# C/C++ and bitmaps



## kr651129 (Aug 28, 2012)

I've been trying to find a good tutorial that explains from newbie level on how to work with bitmaps.  I'm trying to write a malloc() and I *think* this is the best way to go?


----------



## fluca1978 (Aug 30, 2012)

It is not really clear to what you are referring, I suspect not the bmp file format! What is the problem you are trying to solve?


----------



## xibo (Aug 30, 2012)

kr651129 probably wants to use bit sequences to indicate page usage. I.e. use 1 Byte to indicate whether and which of 8 consequent pages are currently allocated.

I would recommend using memory segments in interval trees though.

The way "malloc" (or rather memory management as a whole) works in FreeBSD is explained in The Implementation of the FreeBSD Operating System by McKusick and Neville-Neil. I don't know any explicit guide to bitmaps, but thinking about it (and having knowledge about algorithms) will likely help.

EDIT:
C++ offers the std::vector<bool> data structure which is a bitmap.


----------



## expl (Aug 31, 2012)

kr651129 said:
			
		

> I've been trying to find a good tutorial that explains from newbie level on how to work with bitmaps.  I'm trying to write a malloc() and I *think* this is the best way to go?

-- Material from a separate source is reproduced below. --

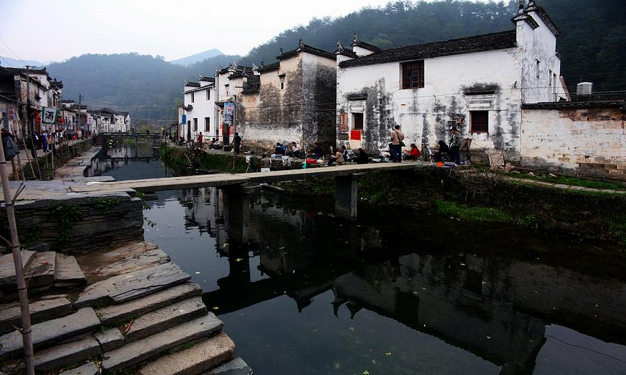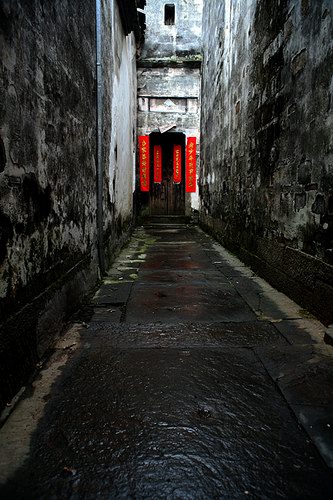 春染婺源(三)六、理坑才子多如麻 墙挂虬龙千年藤, 窗镶艺雕小姐楼。 浣纱春鸭共戏弄, 清渠倒卧众马头。 由于向往已久,功课也做了不少,了解了婺源许多景点商业化严重,且人满为患。此次出游选择以古、野、僻、偏为主,不是偏远村落,就是路边野景。昨天去的庆源,就在婺源东旅游线路的尽头,属于还没全部开发景点;今天所到的理坑则是北线最北头的村子,翻一座山,就是安徽了。 婺源的村名,有的极具诗情画意:长滩、清华、晓起、江湾、思溪……;有的则含浓浓的田园特色:菊径、桃溪、梅林、延村、严田……。 在婺远凡是叫“坑“的村落必定是在山坳里,是取其山中盆地为“坑”吧!建于南宋初年的理坑,就象藏于锦峰秀岭山间盆地中的珠宝奁匣,山青水秀,更具丰厚隽永的人文传承。 ——理坑村口好风水的“水口“—— 走进村口,迎面是条小河,河上一座小巧端正的石拱桥,桥上建亭,桥亭合一,名为“理源桥”, 桥下青片石筑垒的溪埠上,泉水跌宕,湍湍淙淙;清沏见底的溪流中,锦鲤戏嬉,从从容容。这种水中水上建筑是婺源村庄的特色,叫“水口”,是风水旺的象征。 ——古朴自然的微派风光—— 漫步通衢的潺潺小河沿,埋坑逐渐展示着迷人的风采。古桥清渠与黛瓦粉墙映衬,桃红柳绿与酒肆店招媲美;远山近屋,苍松翠竹,徽式民居,坦桥溪埠,一景一物几百年来这样自然地融合,产生了清丽脱俗的山村画卷。 ——清明脱俗的漂亮民居—— 一排排浸渍苍桑灰白的山墙,一列列充满故事高翘的马头,象一本本老旧的线装本古籍,鳞次栉比,错落有致地沿着溪径,从村头向村中递次排开。黑白分明的徽派建筑倒影在溪水中,仿佛与流水相邀浅饮,细语对唱。河水激流,对吟着永远是新时代的物事;古屋肃立,诉说的老而弥坚历史。 ——象线装本古籍的微派建筑—— 这里的视觉愉悦是有冲击性的,在这里,留连忘返;在这里,谋杀胶片,是极其自然的事情。伫立石板桥上,是那种高古悠远的感觉,详和亲近的体验,很象小时候牵着母亲的手回老宅。 沿河岸两旁构筑的明清府第,戗角飞檐,马头高昂,气宇不凡,是官绅豪贾的痕迹。漫步其中,巨大古老书籍在眼前一页一页翻开。 ——气宇轩昂的府第—— 这是个崇尚“读朱子之节,服朱子之教,秉朱子之礼”的古村。一代又一代传承祖训,秉承勤学耕读,造就人才辈出。先后有七品以上官员三十六人,进士、学士逾百人;著作三百多部,更有5部列入《四库全书》;“尚书第”、“司马第”、“进士第”、“大夫第”官宦宅第比比皆是。此地学风蕴藉,仕途沛然,可见一斑。 ——深邃狭窄的小巷—— 村中巷道深邃狭窄,一式的中间青石板,边上镶麻条石铺就。经久磨砺,泛着幽冷的青光,雨后徜徉之上是种湿漉漉的浪漫。 小巷两侧老宅年代久远,墙体青苔斑驳,黑霉恣意地涂抹着阴森图腾,逾显昏暗诡秘,高深莫测。穿行在这氲氤着古老气息的小巷中,就好象坠落时光遂道:长辫马袍仕宦缙绅,华服 ——宅第气势轩昂的门头檐—— 巷窄墙高,是埋坑宅第特点之一。房子都造得老高,对外的窗户建在高墙之上,窗洞窄小,乍一看还以为是个墙洞。据说高墙小窗是为了防止女眷们“红杏出墙”。余想当年此地氓流匪盗甚多,主要应该是为了防盗贼吧。 绕过门前胖胖的石鼓,跨过高高的门槛,信步踏进官宦大院,全是浸满柴火稍带霉味的典型的徽派风格。院落大门都偏开斜向在房屋之侧,房屋都是砖木结构,以中轴线对称分列,中为厅堂,两边为室,厅堂前方洞开长方形天井,下接同形青石落水地,并置一口水缸,谓“四水归堂”,一方面采光通风,另一方面下雨时“肥水不流他人田“。 ——百年小姐楼上的临窗“美人靠”—— 整个房子方柱石础,隔扇门窗,石板铺地,木质构件不油漆。梁枋窗楹深镂浅刻着斑斓绚烂的木雕,门套屋瓴细雕精凿了栩栩如生的砖雕,石鼓廊柱等处则是精美别致的石雕。 有祝福家丁兴旺的“麒麟送子“;有赞美生命的“松鹤延年”;当然离不了寓意财富的“刘海戏金蟾”;最要紧的是礼制和仕途,就有“二十四孝图”和“连中三元”、“鱼跃龙门”…… 堂屋、轩斋、天井、格扇、栏杆上的“三雕”工艺精湛。有的瑰丽隽美,有的细腻纤巧,它们就像是在岁月长出来,与马头风火墙妥贴地生在一起,与水磨青砖壁恰当地融在一起,形成了儒雅古朴之美。 ——斑驳古老的风火墙—— 很让人扼腕叹息的是,许多的木雕、石雕和砖雕都不再齐全,不是砍了头便是凿去了手。就是保存完好的雕刻作品也是理坑有识之士在当年那个浩劫年代用泥土糊在雕刻上,再刷上石灰水,外面写上“毛主席万岁”大红字,没人再敢“太岁”头上动土,得以保存至今。 看着这些历经岁月的烟熏火燎,劫后余生的“三雕”,心中祈求的是人类永远和平和善和睦的想念。 离开理坑回望被烟雨笼罩的古村庄,感觉到这里决没有安徽宏村、西递的徽派建筑那么高堂华屋,宽敞气派。也许宏村、西递是经商人家,富可一方,日收斗金,其家宅自然跃富亮财风光无限;而理坑多为文职官员,也许是表明谦卑,把自己于窄巷高墙后深隐,但余愿意相信这是自律廉洁的亮节清风。 至少从商人和官员的建筑的张扬和收敛风格上,说明了当时官员尚存敬畏之心,还有廉正之意。不象现在有些官员,动不动贿收千万不义之财,来不来盖造 “白宫”“天安门”……已经没了忠义孝悌的起码官腔了。

Bitmap is just a simple array with some helper functions, ideally array of units with size of machine's WORD to avoid memory fragmentation. Since computers can not read/write single bit values directly you need to create some helper functions to act as 'getter' and 'setter' in your bitmap by loading each array unit and processing single bit values using bitwise operators. Instead of looking for bitmap tutorials just look up bitwise operators' tutorial to get a better understanding.


----------



## tommyjung (Sep 2, 2012)

Well on GIMP, if you save an image as C/C++ header file format, it will show how image file can be (though it doesn't look pretty) represented in struct.


----------